How to fly a steampunk airship

I’ve had a number of engineering students write to me lately to assert the absurd proposition that none of my airships will ever fly- furthermore- that they are impractical and contrary to good engineering sense. Humbug, I say to them. poohpooh. Etc. So I’ve decided that I obviously need to explain how the damn things operate- in order to get these pedants off my back and to prove that it is indeed feasible technology.*

Behold, a labelled diagram of a steampunk airship. I shall now proceed to address the points of most importance concerning it’s proper operation.

Airship diagram
Click to enlarge.

Elevation (Vertical motion)
Altitude is increased by increasing the buoyancy of the gas filled lift cells in the balloon (1)- these respond to heat energy from the boiler (12) by decreasing in density and therefore gaining lift.
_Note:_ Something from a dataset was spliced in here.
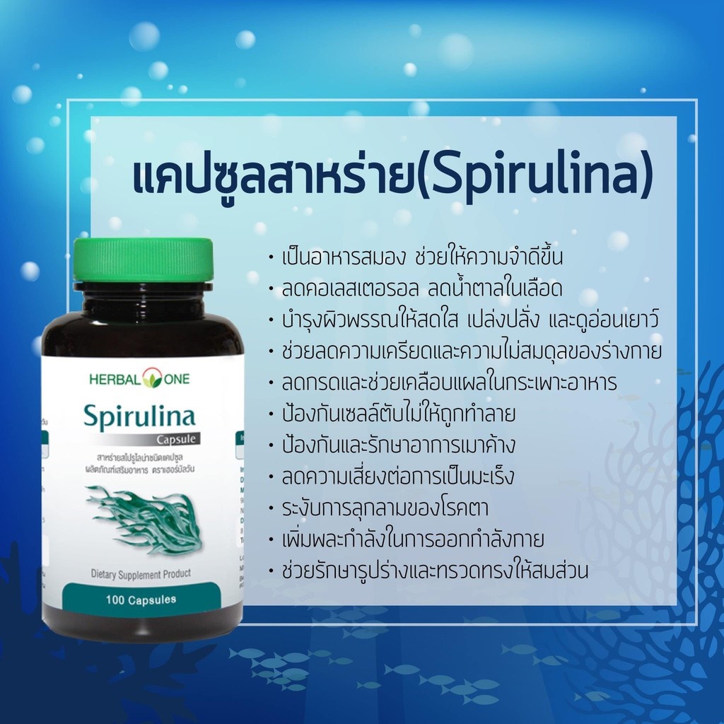 Herbal One Spirulina เฮอร์บัล วัน สาหร่ายสไปรูไลน่าชนิดแคปซูล (อ้วยอันโอสถ)

To make the craft descend; lift is reduced by allowing the cells to cool- which is controlled by means of the air intakes ((8) or in emergencies by venting excess gas directly from the cells.)
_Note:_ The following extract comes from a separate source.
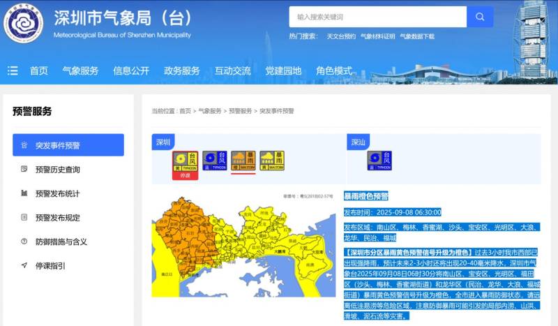 【深圳市分区暴雨黄色预警信号升级为橙色】过去3小时我市西部已出现强降雨,预计未来2-3小时还将出现20-40毫米降水,深圳市气象台2025年09月08日06时30分将南山区、宝安区、光明区、福田区(沙头、梅林、香蜜湖街道)和龙华区(民治、龙华、大浪、福城街道)暴雨黄色预警信号升级为橙色,全市进入暴雨防御状态,请远离低洼易涝等危险区域,注意防御暴雨可能引发的局部内涝、山洪、滑坡、泥石流等灾害。

Lift gas is replenished and generated on-board the vessel via the algae tanks (not visible).

Horizontal motion:
Combined action of the chain driven Lateral propellers (6) drives the craft forward or backwards when equal power is delivered to both sides of the craft. Yaw is achieved by increasing the relative amount of power (via gear transmission) to one side of the craft at a time: Higher power to the right propeller turns the ship to the left and higher power to the left propeller turns the ship right.
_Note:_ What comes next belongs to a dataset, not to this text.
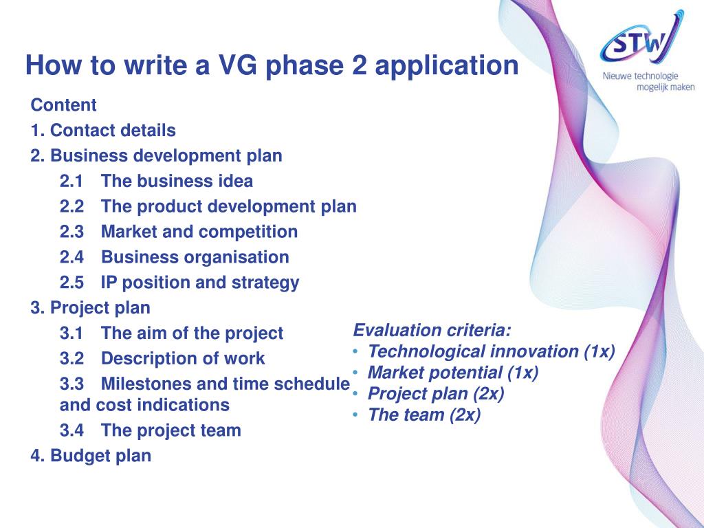 How towrite a VG phase 2 application Content 1. Contact details 2. Business development plan 2.1 The business idea 2.2 The product development plan 2.3 Market andcompetition 2.4 Business organisation 2.5 IP positionandstrategy 3. Project plan 3.1 The aim of the project 3.2 Description of work 3.3 Milestonesand time scheduleandcostindications 3.4 The project team 4. Budget plan • Evaluation criteria: • Technologicalinnovation (1x) • Market potential (1x) • Project plan (2x) • The team (2x)

The ship also possesses a central “main propeller” which provides less thrust than than the lateral propellers while in the air but is adapted to work well when submerged- allowing the craft to move efficiently on water.

In situations where the ship is required to rapidly lose velocity the airbrake (10) can be deployed: releasing tension on the brake lines allows the brake to fold out from the tail like a fan- increasing air resistance and slowing the craft. Conversely- the airbrake can also be used as a sail to increase the speed of the craft and conserve fuel when sailing along the wind.

Piloting & Navigation
The pilot flies the ship from the front cockpit (13)- with assistance of the crew. A periscope (4) allows the pilot to see directly beneath the ship at all times- even when resting on water. Orders are received from the captain and transmitted to the crew via speaking pipes (airships are obviously very loud). The pilot’s job is to control the  speed and direction of the craft while the engineers ensure the engines, pumps gears and other apparatus are working correctly.

Engine Power
Engine power is achieved via modern steam turbine engines using liquid fuel- this frees up space versus traditional gas fuels and weight versus solid fuels.  The engines and fuel tanks (not visible) are located towards the bottom and centre of the ship to help maintain the correct centre of gravity. The engines drive the lateral and main propeller via chain drive trains. The chain drive method allows the Lateral propellers (6) to be folded up and out of the way when the airship docks.

  • Landing
    This airship is designed to land on water. Water intakes on the drive train (3) also allow the boilers and algae tanks to be conveniently refilled while the ship is at rest.

    Other stuff:
  • 16. Cloud Lantern– Anti collision lighting designed to be visible as the ship rises through cloud
  • 7. Life boats– Self explanatory! Standard fold out glider type
  • 4. Anchor– To anchor the ship- when a hangar isn’t available.
  • 9. Overpressure chimney– Automatic pressure release chimney for situations where boiler/gas cells exceed the safe pressure limits
  • 18. Nests- These are used to ensure visibility around the craft at all times- the lookouts communicate with the crew in the gondola via speaking tube.

*I am not responsible for any injuries deaths etc. resulting from attempting to put this technology into practice. Always seek professional help when piloting steampunk airships.